Andrew Morton <akpm@xxxxxxxxxxxxxxxxxxxx> · Wed, 16 Nov 2022 14:59:52 -0800

On Tue, 15 Nov 2022 18:38:07 -0700 Yu Zhao <yuzhao@xxxxxxxxxx> wrote:

> The page reclaim isolates a batch of folios from the tail of one of
> the LRU lists and works on those folios one by one. For a suitable
> swap-backed folio, if the swap device is async, it queues that folio
> for writeback. After the page reclaim finishes an entire batch, it
> puts back the folios it queued for writeback to the head of the
> original LRU list.
> 
> In the meantime, the page writeback flushes the queued folios also by
> batches. Its batching logic is independent from that of the page
> reclaim. For each of the folios it writes back, the page writeback
> calls folio_rotate_reclaimable() which tries to rotate a folio to the
> tail.
> 
> folio_rotate_reclaimable() only works for a folio after the page
> reclaim has put it back. If an async swap device is fast enough, the
> page writeback can finish with that folio while the page reclaim is
> still working on the rest of the batch containing it. In this case,
> that folio will remain at the head and the page reclaim will not retry
> it before reaching there.
> 
> This patch adds a retry to evict_folios(). After evict_folios() has
> finished an entire batch and before it puts back folios it cannot free
> immediately, it retries those that may have missed the rotation.
> 
> Before this patch, ~60% of folios swapped to an Intel Optane missed
> folio_rotate_reclaimable().

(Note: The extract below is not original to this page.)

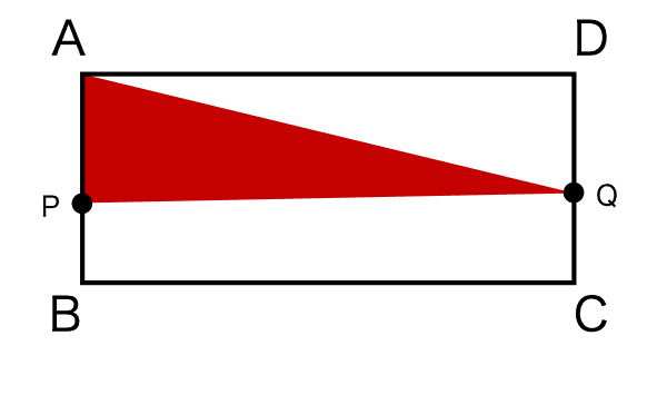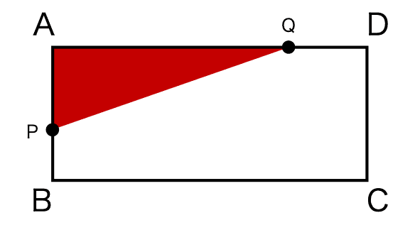 図の赤い部分の三角形の面積が $y$ です。これは簡単ですね。APを底辺とみれば、この区間では高さは常に一定でADの長さと一致します。また、APの長さはPが進んだ距離なので $x$ です。したがって、

After this patch, ~99% of missed folios
> were reclaimed upon retry.
> 
> This problem affects relatively slow async swap devices like Samsung
> 980 Pro much less and does not affect sync swap devices like zram or
> zswap at all.

As I understand it, this approach has an implicit assumption that by
the time evict_folios() has completed its first pass, write IOs will
have completed and the resulting folios are available for processing on
evict_folios()'s second pass, yes?

If so, it all kinda works by luck of timing.  If the swap device is
even slower, the number of folios which are unavailable on the second
pass will increase?

Can we make this more deterministic?  For example change evict_folios()
to recognize this situation and to then do folio_rotate_reclaimable()'s
work for it?  Or if that isn't practical, do something else?

(Is folio_rotate_reclaimable() actually useful?  That concept must be
20 years old.  What breaks if we just delete it and leave the pages
wherever they are?)